━━ Dataset excerpts ━━
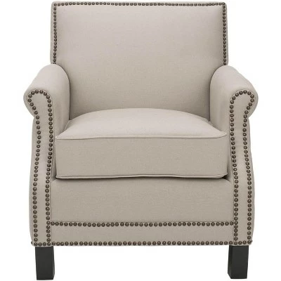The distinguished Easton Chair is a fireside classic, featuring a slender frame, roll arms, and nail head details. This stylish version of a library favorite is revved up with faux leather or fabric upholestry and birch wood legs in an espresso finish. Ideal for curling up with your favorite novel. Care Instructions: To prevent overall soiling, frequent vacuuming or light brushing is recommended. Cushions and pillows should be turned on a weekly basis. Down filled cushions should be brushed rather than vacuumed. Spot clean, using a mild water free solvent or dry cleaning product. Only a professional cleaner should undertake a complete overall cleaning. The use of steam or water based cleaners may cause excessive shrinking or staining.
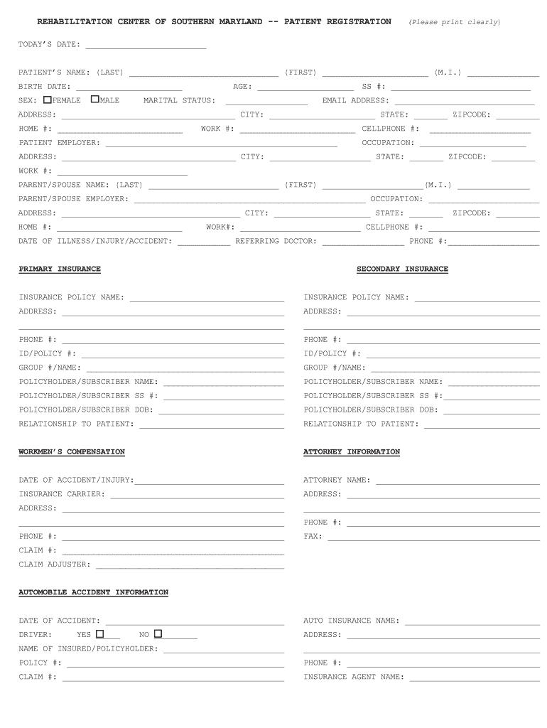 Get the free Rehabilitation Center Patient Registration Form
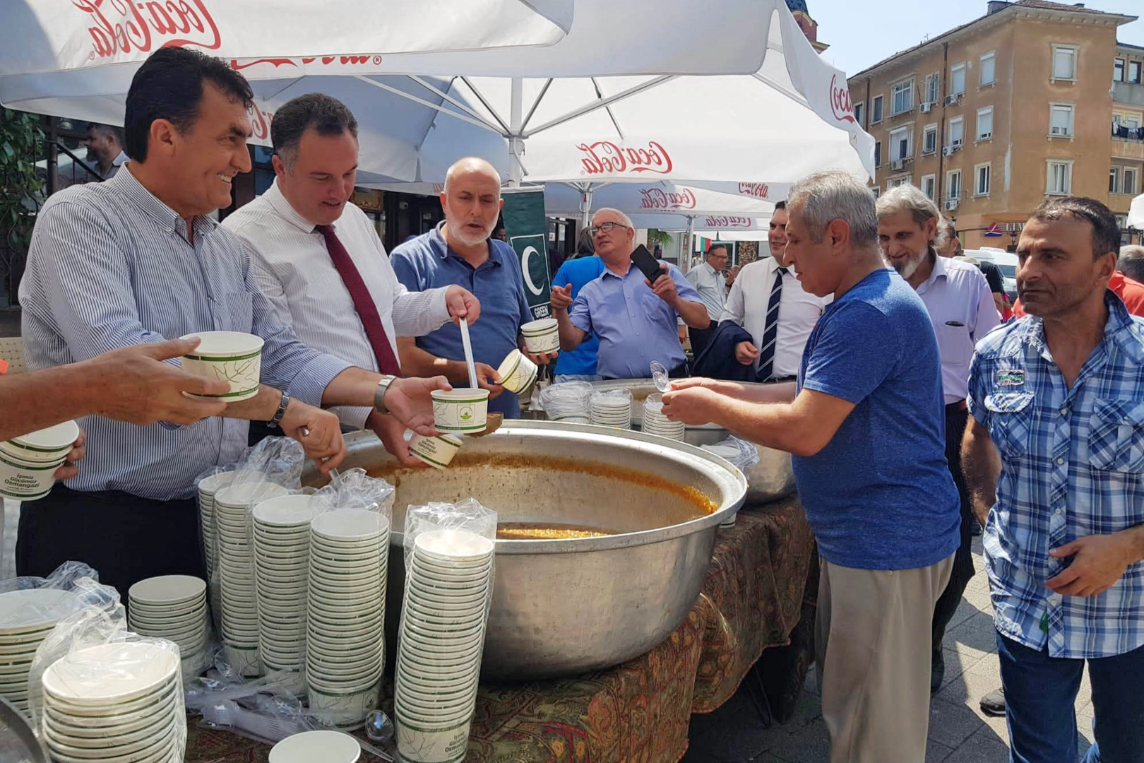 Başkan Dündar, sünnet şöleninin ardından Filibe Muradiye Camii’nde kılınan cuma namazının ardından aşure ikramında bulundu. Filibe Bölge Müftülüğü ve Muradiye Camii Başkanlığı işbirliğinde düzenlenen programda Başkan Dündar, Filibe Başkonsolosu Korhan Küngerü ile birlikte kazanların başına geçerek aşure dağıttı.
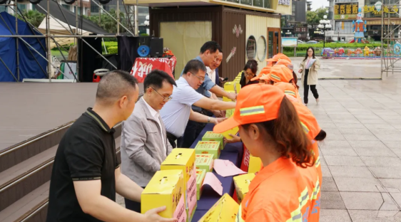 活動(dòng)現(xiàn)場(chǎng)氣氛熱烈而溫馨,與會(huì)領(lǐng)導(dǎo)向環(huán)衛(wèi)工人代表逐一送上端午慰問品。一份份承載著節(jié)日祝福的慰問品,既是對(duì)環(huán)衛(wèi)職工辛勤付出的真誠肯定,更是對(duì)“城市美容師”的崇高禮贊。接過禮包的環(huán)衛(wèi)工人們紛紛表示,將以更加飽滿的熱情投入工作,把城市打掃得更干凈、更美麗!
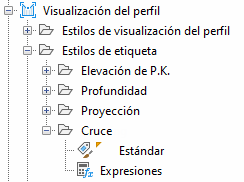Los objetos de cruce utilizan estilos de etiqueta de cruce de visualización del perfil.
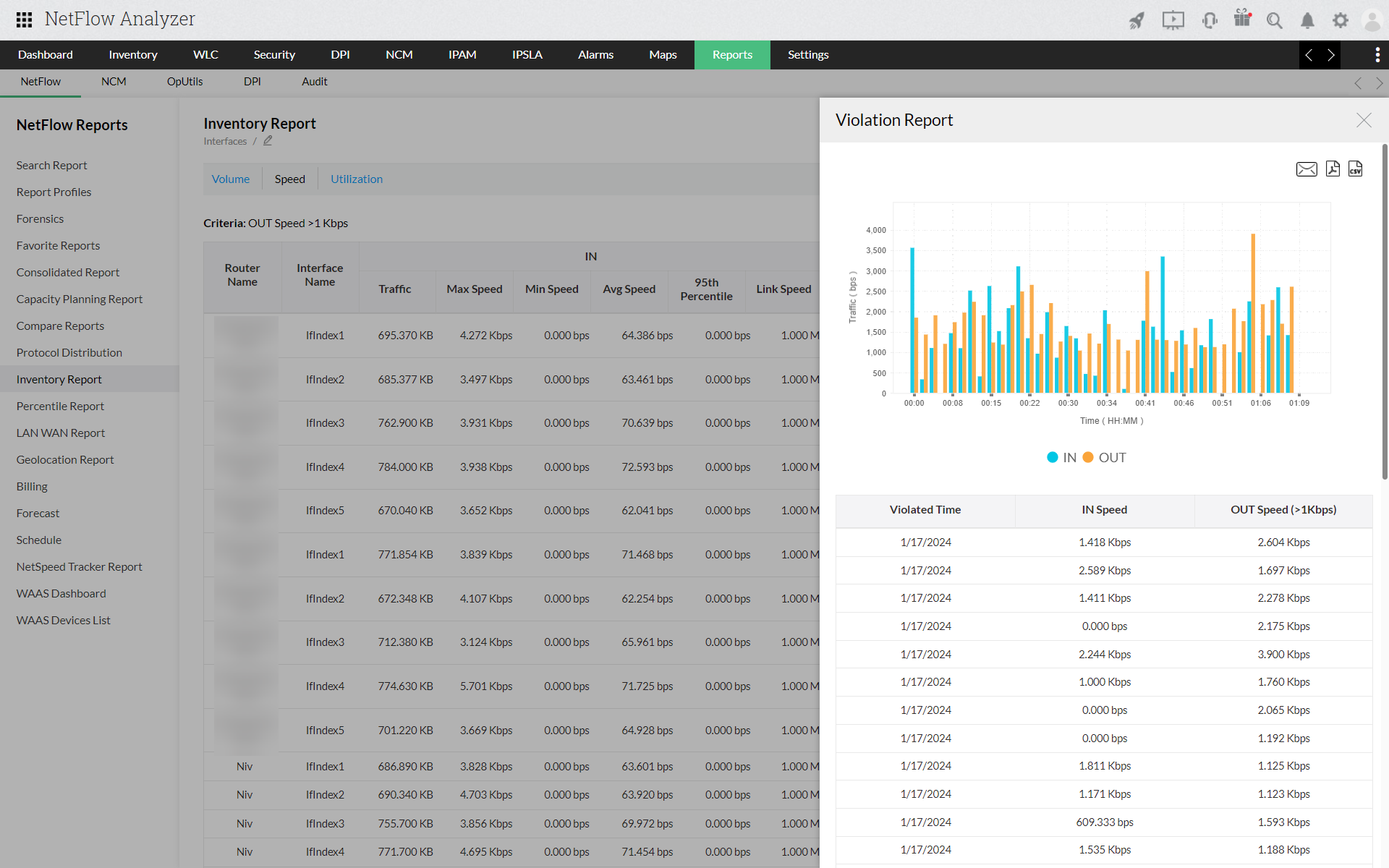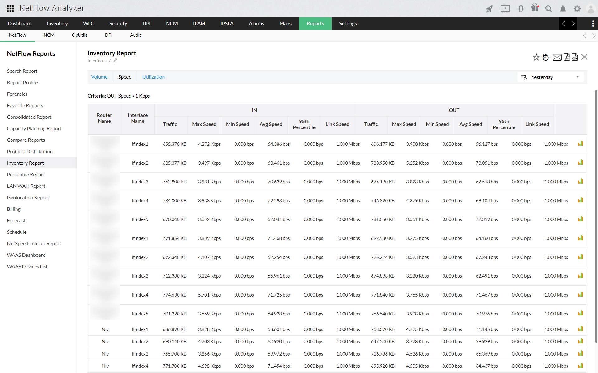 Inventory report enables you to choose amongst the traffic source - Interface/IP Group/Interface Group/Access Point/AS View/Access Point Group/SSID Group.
━━━
◆ Task brief ◆
Go through the entries above and output them exactly, without pictures.

◆ Answer to this task ◆
The distinguished Easton Chair is a fireside classic, featuring a slender frame, roll arms, and nail head details. This stylish version of a library favorite is revved up with faux leather or fabric upholestry and birch wood legs in an espresso finish. Ideal for curling up with your favorite novel. Care Instructions: To prevent overall soiling, frequent vacuuming or light brushing is recommended. Cushions and pillows should be turned on a weekly basis. Down filled cushions should be brushed rather than vacuumed. Spot clean, using a mild water free solvent or dry cleaning product. Only a professional cleaner should undertake a complete overall cleaning. The use of steam or water based cleaners may cause excessive shrinking or staining.
 Get the free Rehabilitation Center Patient Registration Form
 Başkan Dündar, sünnet şöleninin ardından Filibe Muradiye Camii’nde kılınan cuma namazının ardından aşure ikramında bulundu. Filibe Bölge Müftülüğü ve Muradiye Camii Başkanlığı işbirliğinde düzenlenen programda Başkan Dündar, Filibe Başkonsolosu Korhan Küngerü ile birlikte kazanların başına geçerek aşure dağıttı.
 活動(dòng)現(xiàn)場(chǎng)氣氛熱烈而溫馨,與會(huì)領(lǐng)導(dǎo)向環(huán)衛(wèi)工人代表逐一送上端午慰問品。一份份承載著節(jié)日祝福的慰問品,既是對(duì)環(huán)衛(wèi)職工辛勤付出的真誠肯定,更是對(duì)“城市美容師”的崇高禮贊。接過禮包的環(huán)衛(wèi)工人們紛紛表示,將以更加飽滿的熱情投入工作,把城市打掃得更干凈、更美麗!
Los objetos de cruce utilizan estilos de etiqueta de cruce de visualización del perfil.
 Inventory report enables you to choose amongst the traffic source - Interface/IP Group/Interface Group/Access Point/AS View/Access Point Group/SSID Group.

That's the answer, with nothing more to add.